第137話 再生された家

 いつの間にか、古びた小さな平屋建ての家の壁はきれいに塗り直され、庭の下草も刈られ鬱蒼としていた庭木もすっきりと剪定されていた。

 庭には小さな物干し台が置かれ、洗濯物が気持ちよさそうにはためていた。

 洗濯物があると、家ってなんか生き生きと見えるんだ、と思った。しばらく前まで、明らかに空き家で朽ちてゆくばかりだと思っていたのに。

 よく見ると、白いテーブルとイスのセットがおいてあった。きれいな白が冬の庭を彩っていた。そこだけ白くぽわっとあたたかな感じがした。あのテーブルでお茶を飲んだりするのだろうか? 

 あ。家の中で影が動いた。カーテンが揺れた。……人の気配っていいな、と思う。


 僕は再生された家の前を通り過ぎた。

 誰が住んでいるのだろう? 祖父母の家を引き継いだ孫とか? 

 玄関から誰かが出て来た。僕と同じくらいの若い女性に見えた。じろじろ見ていると不審者になってしまうので、一瞥しただけでそのまま駅へ向かう。女性は庭掃除をしているらしかった。


 この家が朽ちていきそうなのを見ながら、毎朝駅へ向かっていた。

 だけど、いつの間にか家はこぎれいになり、庭も整えられ、人が住むようになった。

 そのことが僕を明るい気持ちにさせた。

 僕は首に巻いたマフラーを巻き直し、空を見上げた。

 気持ちの良い爽やかな朝だった。

 朝はすでに空いっぱいに満ちていて、輝きに満ちていた。

 白い雲は太陽を透かし、青い空は冬の凛とした空気を湛えて喜んでいるように見えた。

 どこからか鳥の鳴き声がして、お腹が白くて頭と羽根が黒い小さな鳥が飛んで行くのが見えた。鳥は元気よく空の向こうへ飛び去った。


 ふいに、今度の週末、部屋の掃除をしようと思った。

 狭いアパートの一室で、さっきの再生された家にみたいに小さいながらも庭があるわけでもない。だけど、部屋をきれいに掃除して、ベッドカバーもカーテンも洗ったら、すごく気持ちがいいだろう。

 きれいになった部屋で、おいしい紅茶を淹れてゆっくり紅茶を飲もう。

 僕は今からなんだか清々しい気持ちになって、駅に向かう足取りも軽くなった。


 駅に着いて、改札を通り抜ける。ホームに行くと、いつもと同じ顔ぶれが列をなしていた。その一番後ろに並んで、スマホを取り出す。webニュースをチェックしていたら、肩をとんとんと叩かれた。振り返ると、「落としましたよ」とハンカチを差し出された。さっきスマホを取り出したときに、ポケットから落ちたらしい。

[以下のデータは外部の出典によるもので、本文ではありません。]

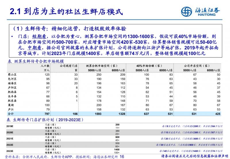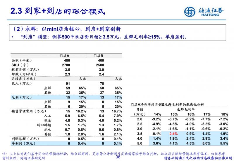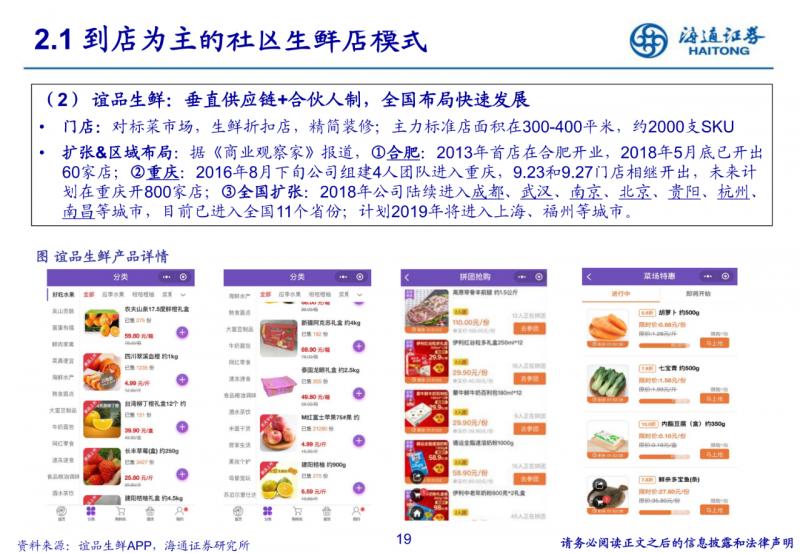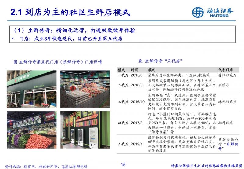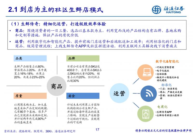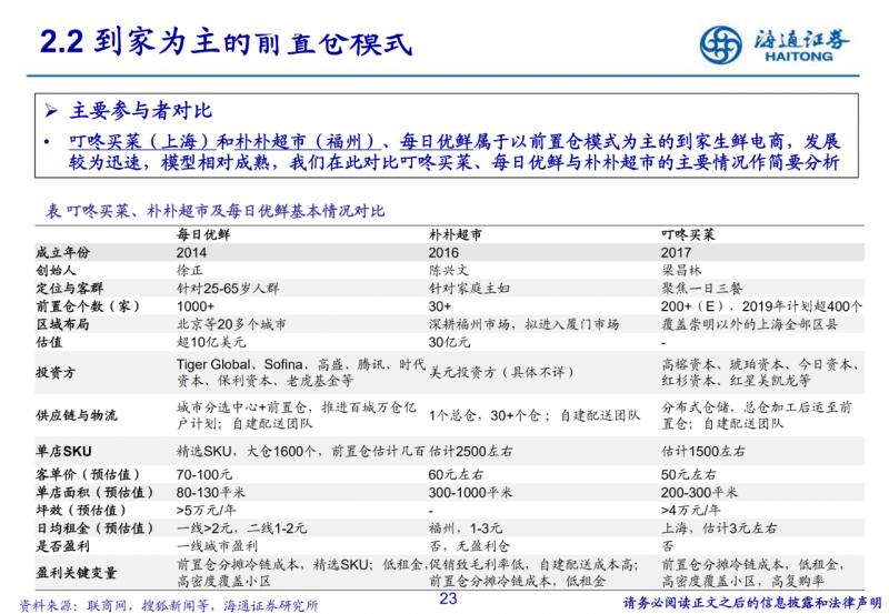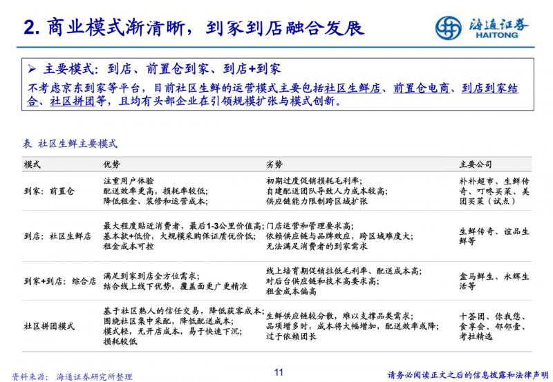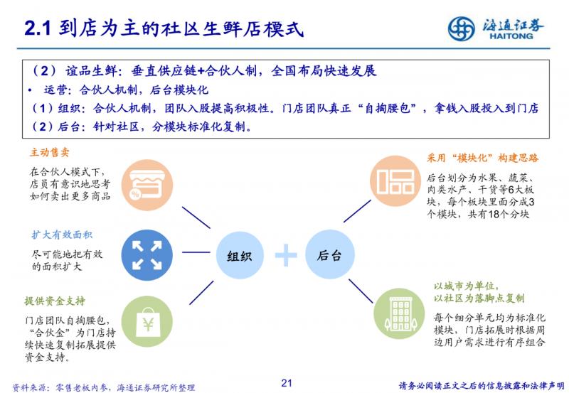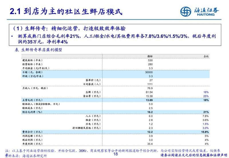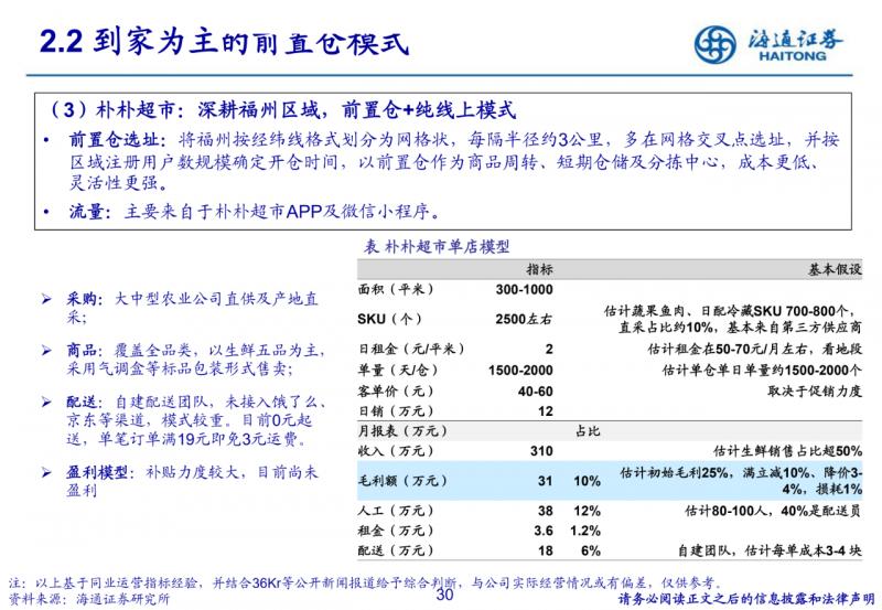 到店為主的社區生鮮店模式。400-500平米社區店,主打生鮮,便捷、低價、優質;但依賴供應鏈與品牌效應, 跨區域難度較大。
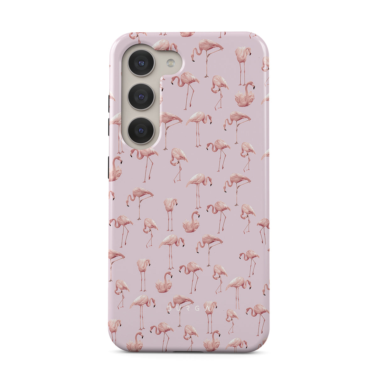 With our Nostalgic Pink Samsung Galaxy S23 phone case cover, you can have a chic pink flamingos pattern combined with a pretty pink background. Add a modern art feel to your phone. No one said that a protective phone case needs to be boring.
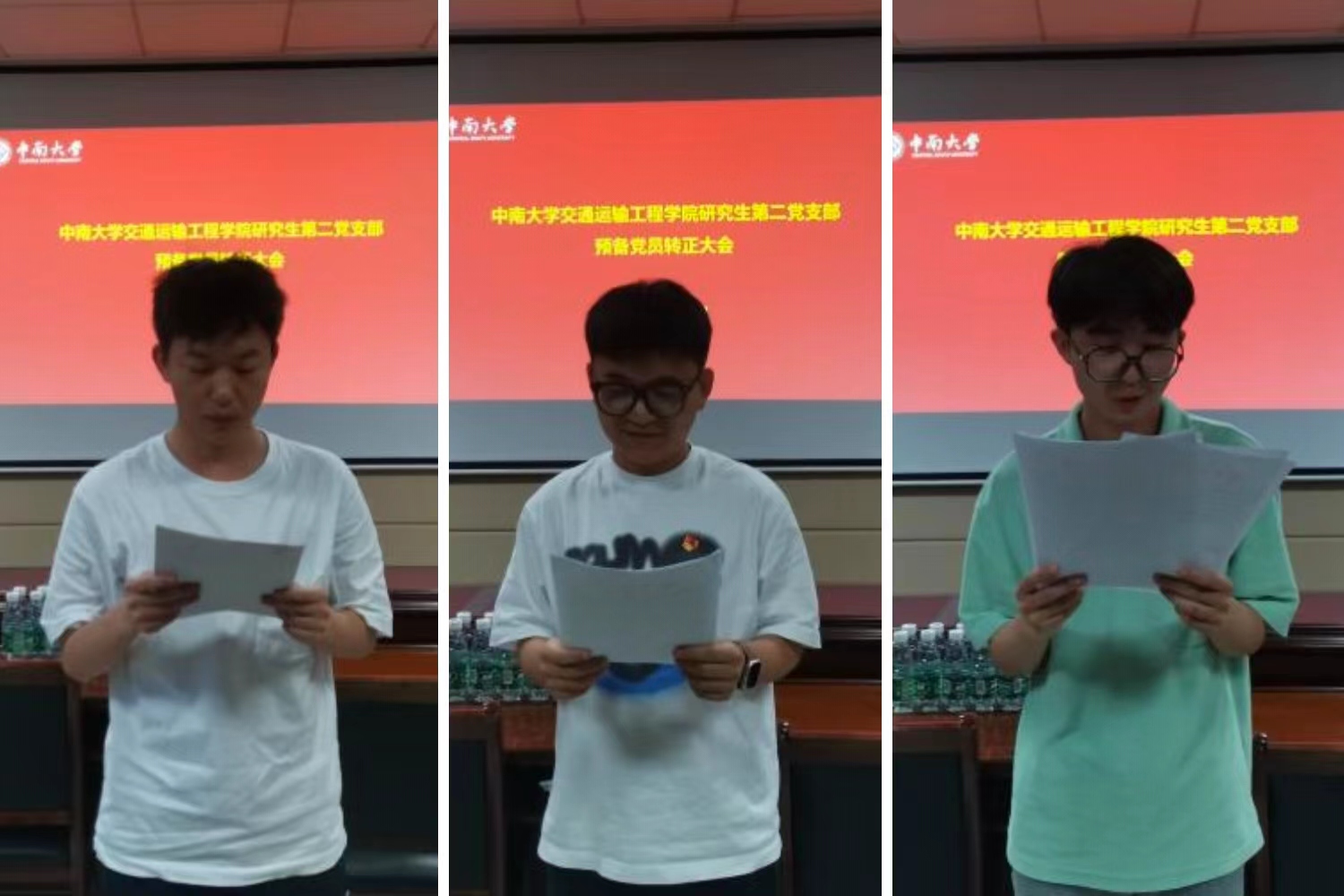 预备党员接收大会结束后,支部进行预备党员转正会议。孟宪伟、李旻、吴紫健三名同志分别从自己在预备期间的思想动态、实际表现及入党决心等方面进行总结汇报。副书记陈依婷同志代表支委会向支部大会报告征求党员和群众意见情况以及支委会考察意见。经无记名投票结果,大会通过了三名预备党员同志的按期转正申请。

「ありがとうございます」お礼を言って受け取り、ポケットにしまう。

「どういたしまして。……今日は暖かいですね」

「ほんとうに。いい日和ですね」

 毎日顔を合わせている名前も知らない、でもなぜだかよく知っている気持ちになっている人と、一言二言会話をする。そうして他愛もない話をしていたら、電車がホームに入って来た。毎日同じ時間の電車に乗って、一日を始める。

 今日はなんだかいい一日になりそうだ。


 電車は僕たちを乗せて、朝のきらめく光の中を緩やかに進んで行った。





  「再生された家」 了


  *ショートショートの連作で、10万字超の長編にいたします。

   1話ごとに読み切りの形式で、次話に続きます。

   毎日2回(7時、18時)更新。よろしくお願いいたします!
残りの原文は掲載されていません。